A questo punto, una volta scovati i meccanismi chiave, i ricercatori hanno deciso di testare un farmaco su modelli murini in vivo, la cilengitide (già in sperimentazione per la cura del glioblastoma) che imita il motivo di legame dell'integrina alla fibronectina e ad altre molecole della matrice extracellulare.
I risultati sono stati strabilianti: oltre a ridurre i prolungamenti necessari alla sopravvivenza, ha ridotto il numero di micro e macro metastasi anche quando già stanziate nei tessuti polmonari ed ha eliminato le cellule tumorali silenti disseminate ai polmoni dei topi trattati.

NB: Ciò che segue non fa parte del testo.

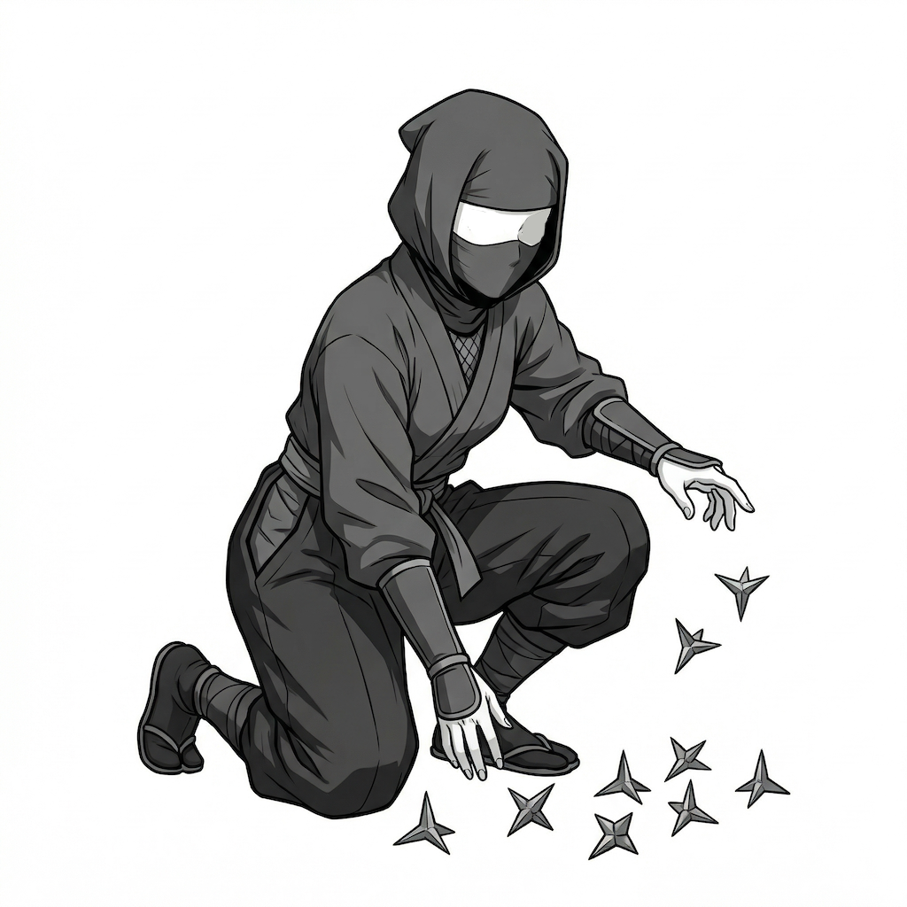 しゃがんで撒菱を準備する女忍者ポーズ|忍者アイテム演出素材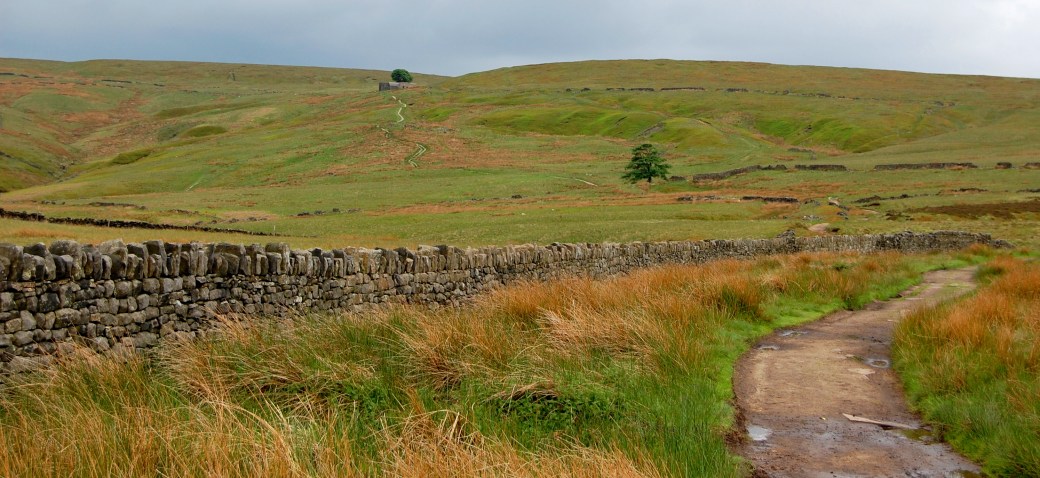 The long, winding road up to Top Withens, where the remains of the farm said to have inspired Emily Bronte´s ” Wuthering Heights” still stand. Yorkshire, England.
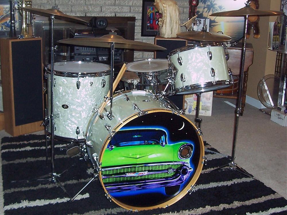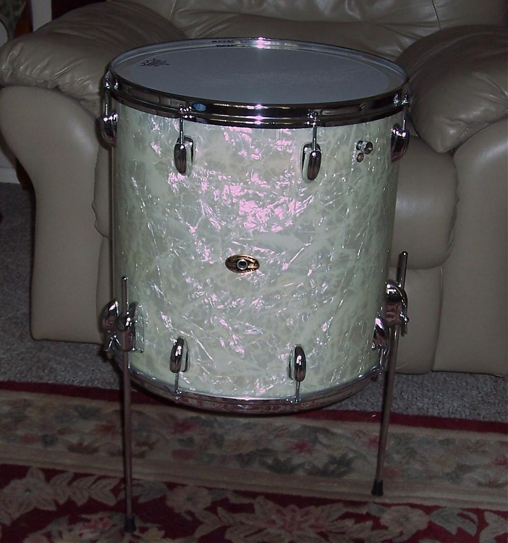 I'm trying to complete a Slingerland project on a WMP kit from 1958. Both the bass drum and rack tom I've got are from 1958. However, the floor tom that came with the kit is from the early 60s with the company's Black & Brass Niles badge (SN 165786), stick-saver rims, Slingy tone control and "straight" floor tom legs (see pics).
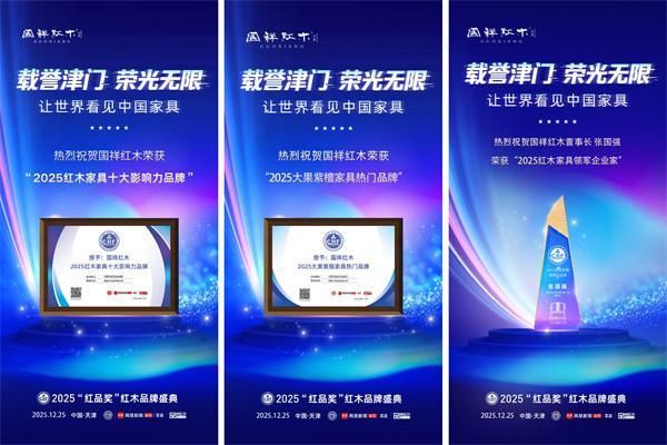 2025年,恰逢国祥红木成立三十周年之际,企业以“文化传承与产业革新双轮驱动”的姿态,一举斩获“红木家具十大影响力品牌”“大果紫檀家具热门品牌”两项重量级称号,印证了其作为行业标杆的雄厚实力。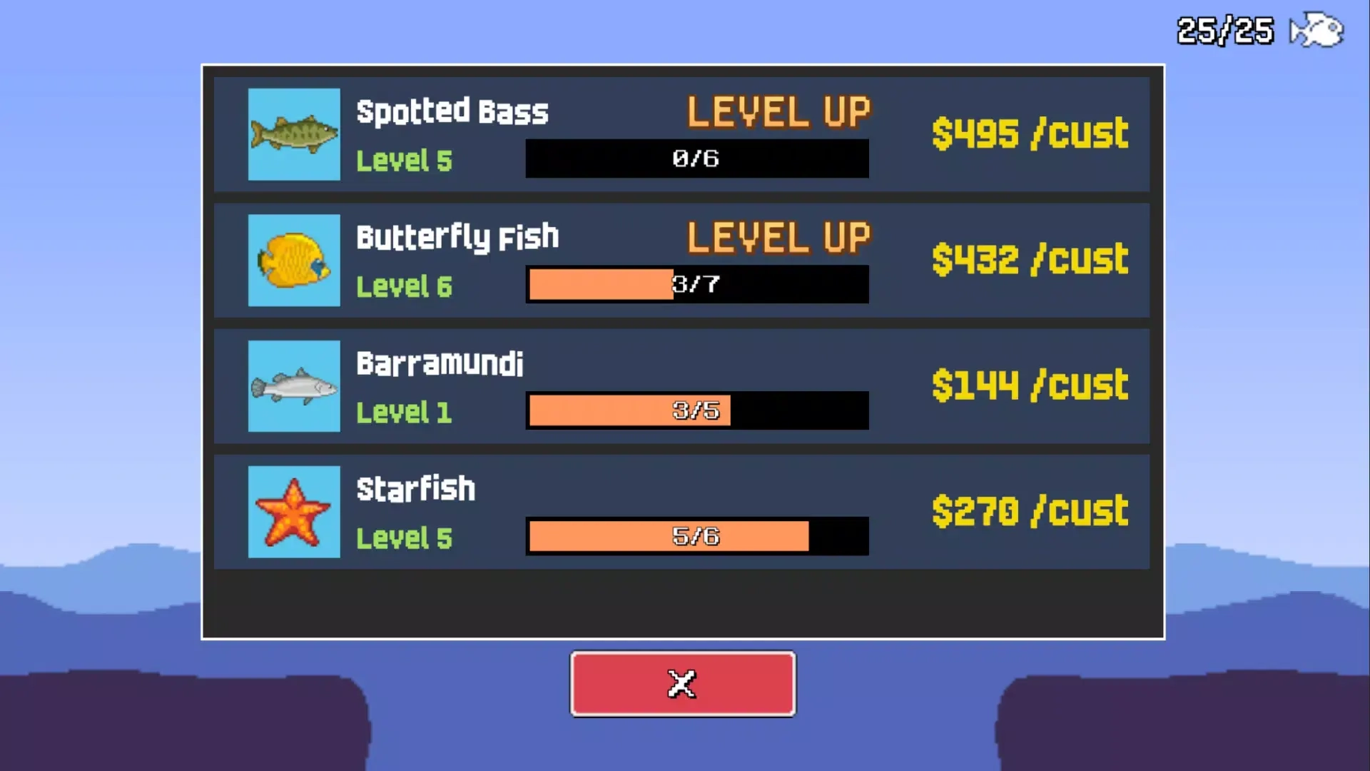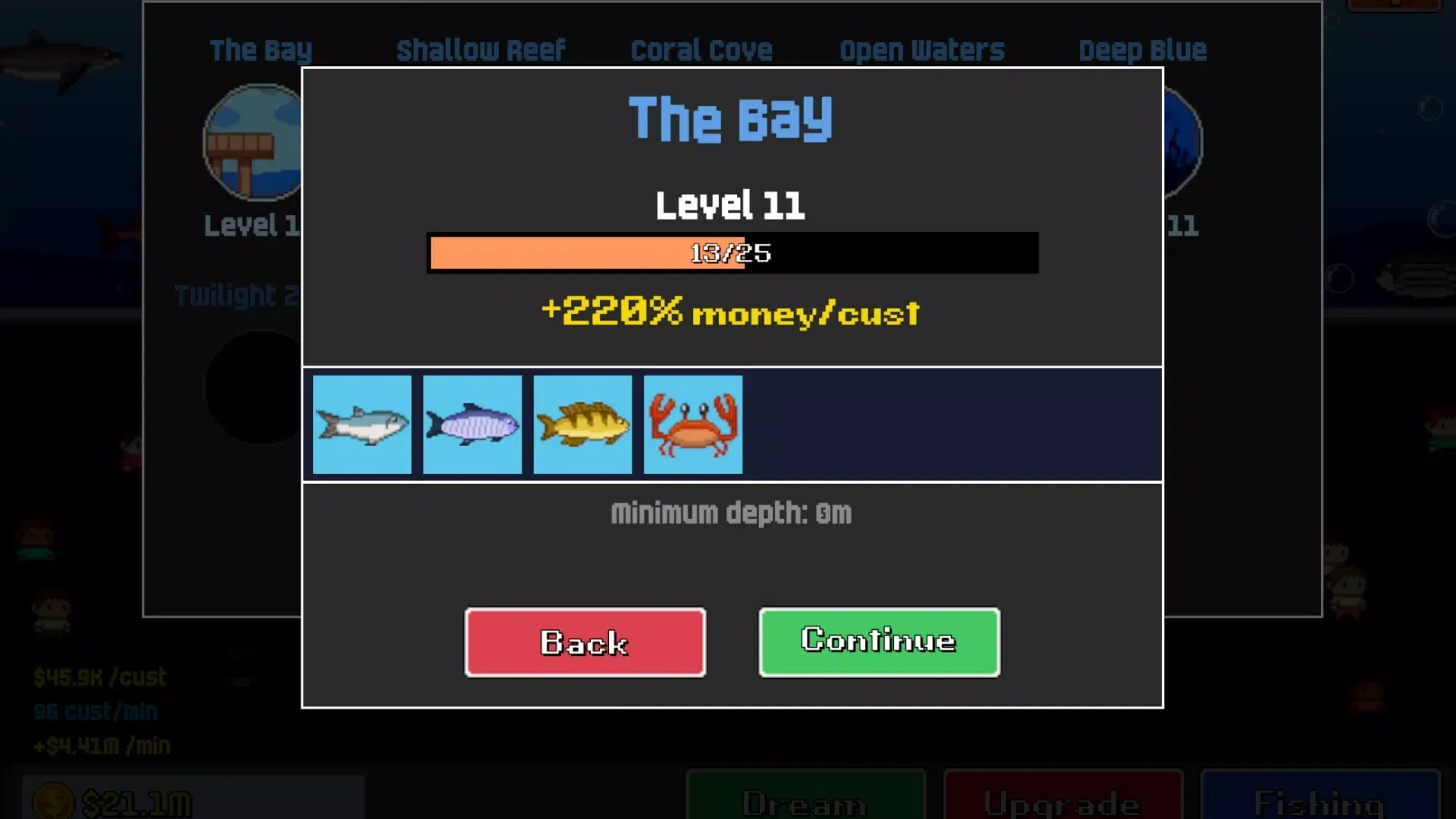 这是一款简短的增量游戏,玩家能够捕捉独特的鱼类并把它们展示在鱼缸里,游戏设计时长约为4小时。

Appurato che le cellule di carcinoma sono altamente sensibili ai segnali provenienti da cellule epiteliali non trasformate in sedi metastatiche, bloccare questo cross-talk è una proposta efficace per colpire le cellule metastatiche silenti, difficili da eliminare. La chemioterapia adiuvante è infatti efficace nel ridurre le recidive entro i primi 5 anni ma inefficiente nel prevenire le recidive tardive tra i 5 ei 15 anni [15] ed in tutti i casi, una volta che le metastasi si sono sviluppate, la malattia rimane per lo più incurabile e il trattamento è limitato alle cure palliative.
La durata prolungata della fase di dormienza è una preziosa finestra di opportunità per l’intervento terapeutico, pertanto è di fondamentale importanza colpire le cellule metastatiche prima dello sviluppo delle recidive e inibire la colonizzazione degli organi più colpiti. Tutto questo è possibile solo decifrando i meccanismi che permettono l’adattamento delle cellule tumorali al nuovo ambiente e alla formazione della nicchia, sviluppando approcci terapeutici che sopprimono le comunicazioni con le cellule sane e il loro microambiente al fine di eliminare le DTC o mantenerle in uno stato perennemente dormiente.